AI brokers will develop into persistent, autonomous, and deeply built-in into on a regular basis workflows. However when they’re able to act on our behalf, tougher questions come up. Who controls the information, execution, and belief layer?
—
at the moment, $NEAR AI has offered the reply. Introduced reside at NEARCON 2026, IronClaw is a brand new open-source verifiable AI agent runtime designed for a future the place brokers run constantly with out exposing delicate knowledge, credentials, or consumer intent.
A runtime constructed for autonomous AI — no blind religion
IronClaw builds on the unique OpenClaw imaginative and prescient, however basically enhances it with cryptographic ensures. Written in Rust and deployed inside an encrypted trusted execution setting (TEE). $NEAR The AI Cloud runtime permits AI brokers to entry instruments, preserve reminiscence, and carry out actions in your behalf.
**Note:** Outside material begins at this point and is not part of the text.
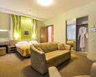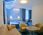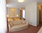 Во всех номерах возможно организовать дополнительное спальное место. Каждая комната оборудована ванной комнатой, туалетом, имеется теплый пол, интернет, телевизор. Утром для отдыхающих предусмотрено три вида завтрака в ресторане отеля. При желании здесь можно пообедать и поужинать, так же есть вегетарианское меню, для детей разработано особое питание. Ресторан оформлен в уютном интерьере, чувствуется теплая атмосфера. Здесь можно отметить любой праздник: свадьбу, день рождения, корпоративное мероприятие, выпускной. Банкетный зал вмещает до пятидесяти человек. Сотрудники отеля могут взять на себя всю организацию предстоящего мероприятия, придумать веселые конкурсы и предложить оформление зала.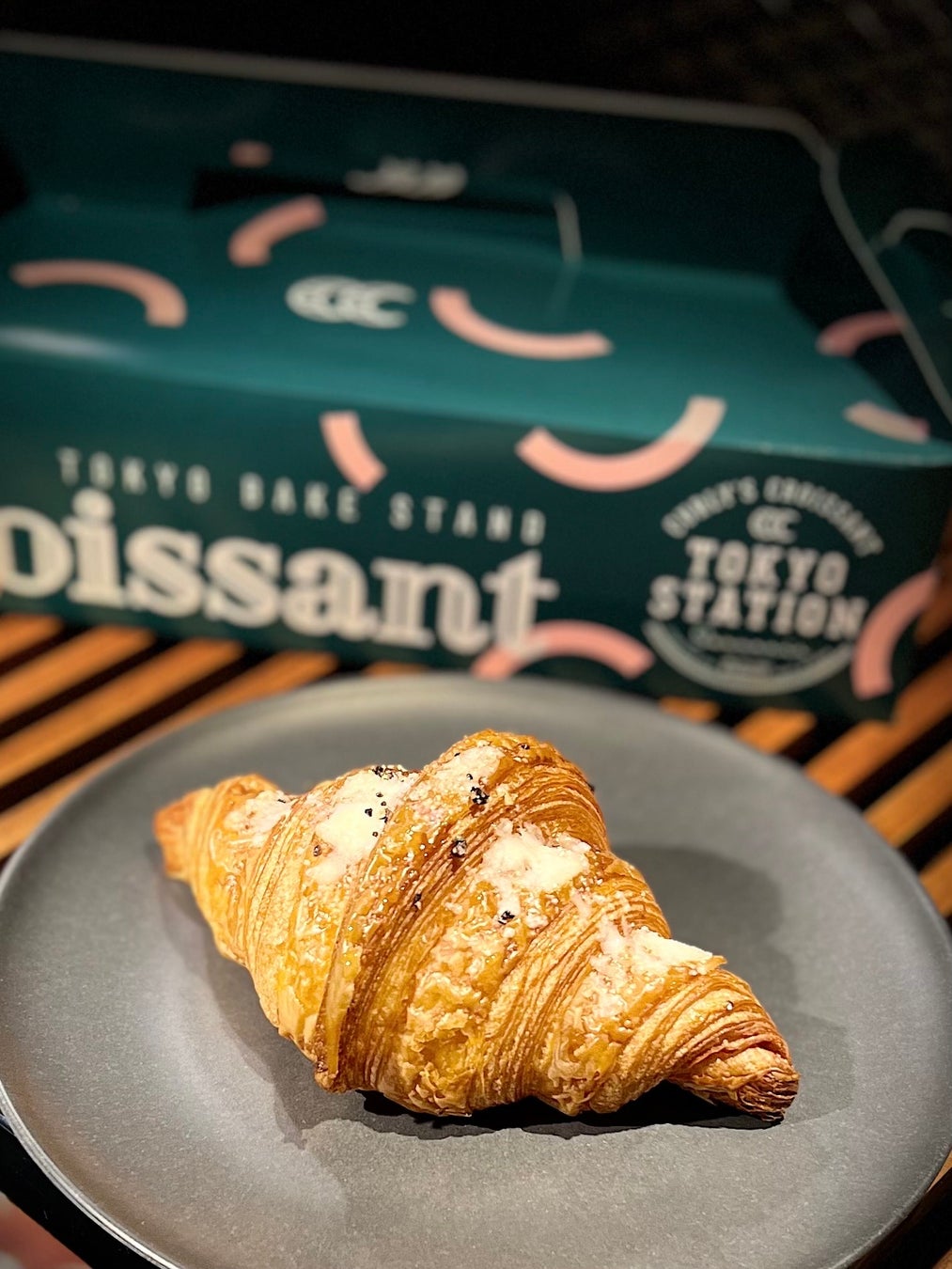催事初出店の東京駅構内にある<Curly’s Croissant TOKYO BAKE STAND>。クロワッサン専門店が手がけるトリュフ仕立てのクロワッサンは、北海道産の小麦粉とフランス産発酵バターの組み合わせにより、表面はパリッと、中はしっとりとした食感に。パルメザンチーズの焼き色と、黒トリュフオイルの芳醇な香りが食欲をそそります。食事にはもちろん、お酒のおともにも最適です。

All this occurs inside a tightly managed safety perimeter.
Moderately than asking customers to belief an opaque platform, IronClaw shifts the belief mannequin to: Verifiable execution. Knowledge and inference stay protected on the {hardware} degree, and brokers function based mostly on express and enforceable permissions.
Safety by means of structure, not add-ons
IronClaw is designed with the core precept of protection in depth.
Loading tweets…
View tweet
All untrusted and third-party instruments run in their very own sandbox, restricted to solely the sources they’re explicitly allowed to entry. Community calls are restricted to accepted locations. Delicate credentials are solely injected at runtime and are by no means uncovered on to instruments or exterior providers.
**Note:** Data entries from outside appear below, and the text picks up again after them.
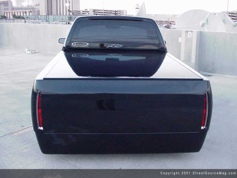 One of the first items at hand would be to shave the emblems on the front fenders to give them the smooth look. To keep the front moving, a Stillen front bumper was installed. Moving back to the rear, the decision was to shave the hood squirters, cab seems, rain gutters and wiper cowl. Still trying to find the rear of his ride, Thomas found other items, which would end up being replaced with new materials. The gas filler door was relocated into the bed. The bed caps, third brake light and the locks for the tonneau cover were shaved.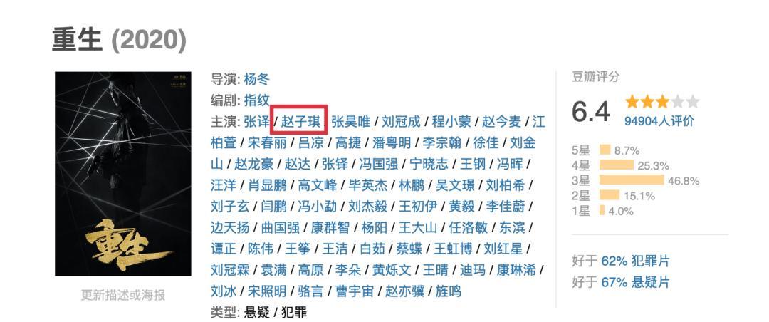 2020年電視劇《重生》,趙子琪是女一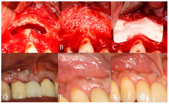 Clinical study protocol. (A) Cyst enucleation (2nd visit); (B) bone grafting at the defect site (2nd visit); (C) coverage with collagen membrane (2nd visit); (D) suture removal (3rd visit); (E) 3-month follow-up (4th visit); (F) 6-month follow-up (5th visit).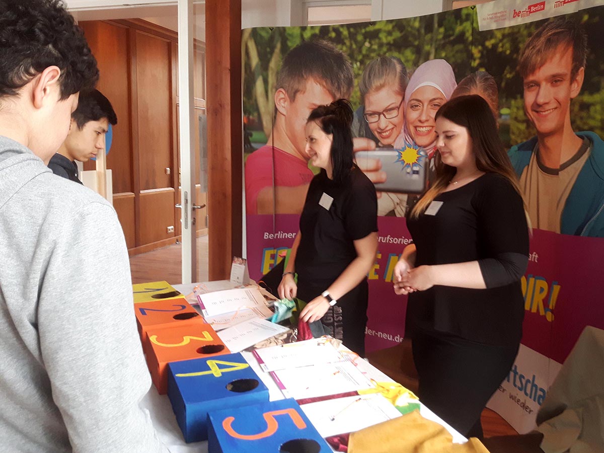 Die Hauswirtschaftsauszubildenden hatten sichtlich Spaß daran, ihre Kommunikationsfähigkeiten zu trainieren. Eine gelungene Ausbildungsinitiative, durchgeführt von der Agentur elswyer+hoffmann im Auftrag der Senatsverwaltung für Integration, Arbeit und Soziales.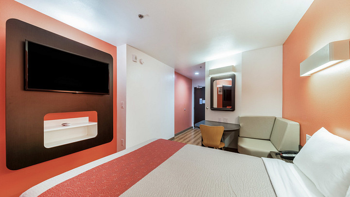 The renovated Motel 6 in Simpsonville offers bright rooms with modern furnishings.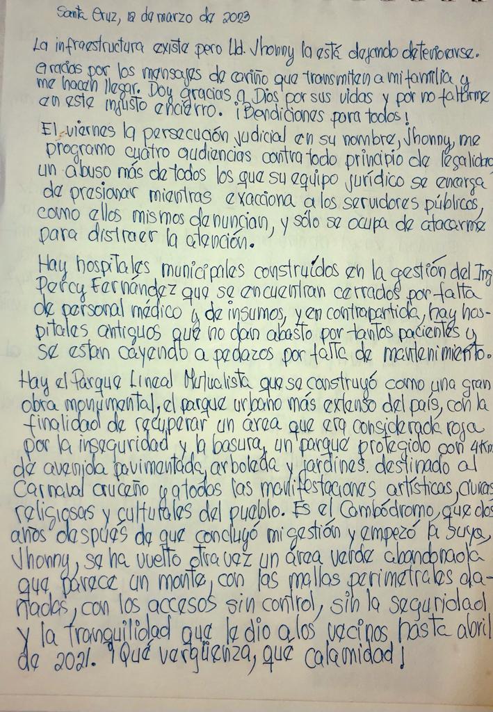 Angélica Sosa, en una nueva carta que escribió desde el penal de Palmasola culpó al alcalde de Santa Cruz, Jhonny Fernández, por el deterioro de las obras en Santa Cruz.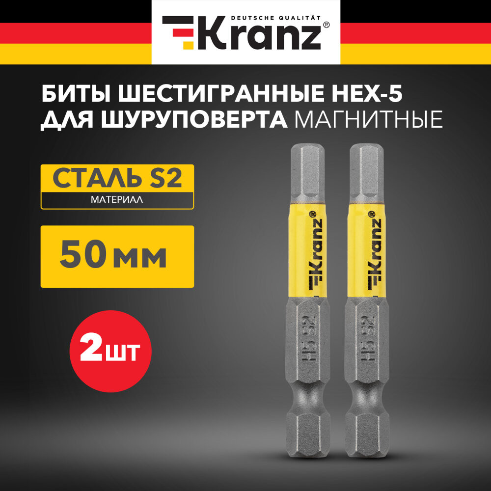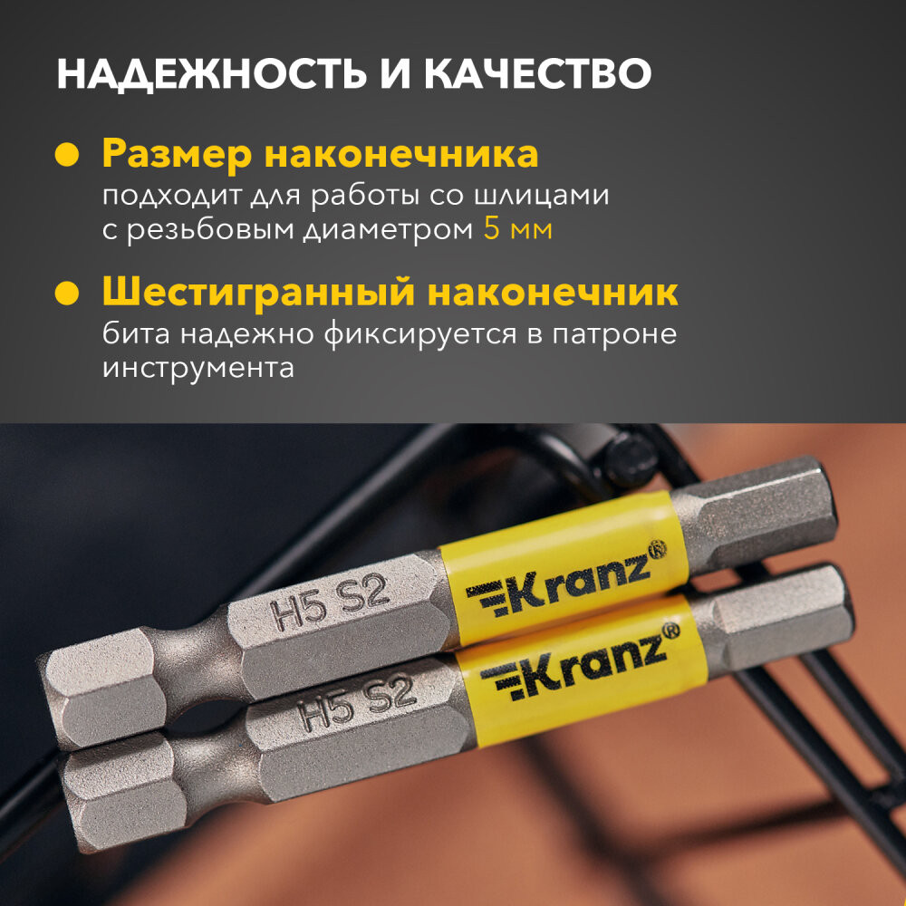 Бита шестигранная для шуруповерта HEX5х50 мм (упак. - 2 шт.) (Kranz) KR-92-0423-1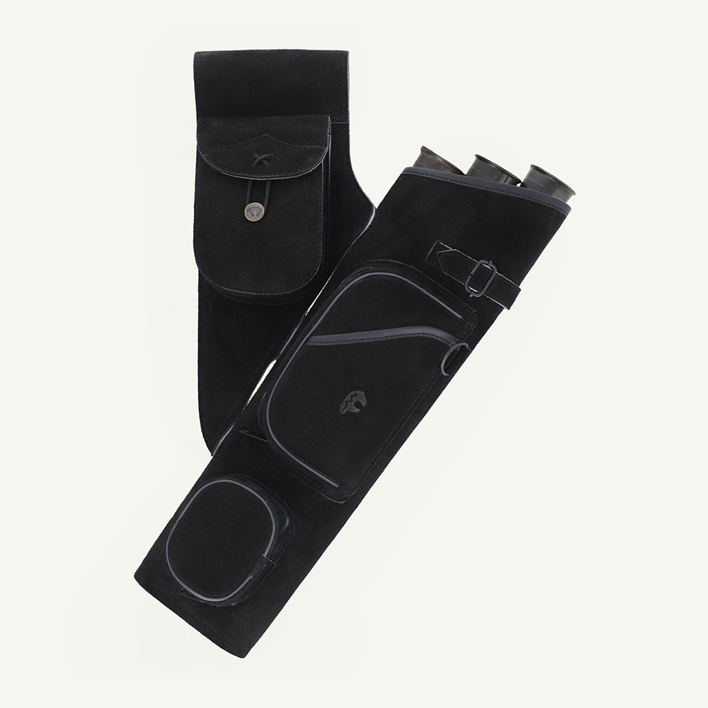 The Side Quiver Mountain from the Premium collection is made of high quality and REACH-compliant cow leather suede and many functional details to an exciting quiver. On the front of the quiver, you will find three different pockets, which offer you many storage options for any equipment. Whether archery glove, cell phone or keys - everything finds its place. A total of three separate arrow tubes allows you to hold all your arrows. The side quiver Mountain can be easily attached to the belt by a cord. For right-handed or left-handed archers, there is a separate version in each case, so that the quiver fits perfectly including its pockets. Whether beginner or experienced archer: The side quiver Mountain is ideally suited for all.

Agent exercise is constantly monitored to detect exploits, together with safety in opposition to immediate injection assaults and unauthorized consumption of sources. All consumer knowledge is saved regionally in PostgreSQL, encrypted with AES-256-GCM, and by no means shared externally. What issues is what IronClaw collects. No telemetry or analyticsmaking certain that execution stays fully personal.
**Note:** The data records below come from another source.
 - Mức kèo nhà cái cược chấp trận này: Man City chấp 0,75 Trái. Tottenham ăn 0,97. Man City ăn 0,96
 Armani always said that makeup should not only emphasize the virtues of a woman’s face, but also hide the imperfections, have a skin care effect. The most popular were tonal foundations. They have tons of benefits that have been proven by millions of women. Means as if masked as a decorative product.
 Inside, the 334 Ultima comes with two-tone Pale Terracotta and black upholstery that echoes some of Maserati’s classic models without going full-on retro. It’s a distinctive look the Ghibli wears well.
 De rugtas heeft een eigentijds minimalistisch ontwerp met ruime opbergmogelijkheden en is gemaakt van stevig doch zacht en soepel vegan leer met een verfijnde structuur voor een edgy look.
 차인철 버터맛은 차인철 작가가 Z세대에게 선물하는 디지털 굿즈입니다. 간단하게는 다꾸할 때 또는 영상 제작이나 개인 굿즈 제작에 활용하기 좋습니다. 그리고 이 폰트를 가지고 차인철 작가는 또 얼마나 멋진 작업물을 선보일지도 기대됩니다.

Full audit logs give customers visibility into each interplay with the instrument, offering transparency with out oversight.
Deploy privacy-first AI now
IronClaw launches with a free starter tier that features one hosted agent occasion operating underneath the hood. $NEAR Leverage AI’s safe setting and its inference infrastructure. Builders and organizations can scale up by means of versatile paid tiers as their wants develop.
The purpose isn’t just to make brokers safer, however to truly deploy them with out forcing groups to decide on between comfort and management.
Loading tweets…
View tweet
why is that this vital
As AI methods more and more serve company incentives and depend on opaque knowledge pipelines, IronClaw factors in a unique route. Native management, verifiable execution, and privateness by default.
Ilya Poloskin, Co-Founder $NEAR protocol and founder $NEAR AI describes IronClaw as an “agent harness designed for safety.” $NEARA full-stack belief mannequin from the blockchain infrastructure to the AI layer itself.
Moderately than constructing safety into agent AI after the actual fact, IronClaw builds safety into the runtime, combining confidential inference, cryptographic verification, and {hardware} execution into one system.
The muse of accountable agent AI
George Zeng, Chief Product Officer and Basic Supervisor $NEAR AI places the announcement extra bluntly:
“AI brokers are already getting into important workflows, however safety, compliance, and knowledge possession stay unresolved. IronClaw goals to fill that hole, giving builders and enterprises the arrogance to deploy always-on brokers with out giving up transparency or management.”
IronClaw is on the market now and the code might be accessed under. $NEAR AI GitHub.
As AI strikes from instrument to actor, IronClaw takes a transparent place. Autonomy mustn’t come on the expense of privateness, nor ought to intelligence require blind belief.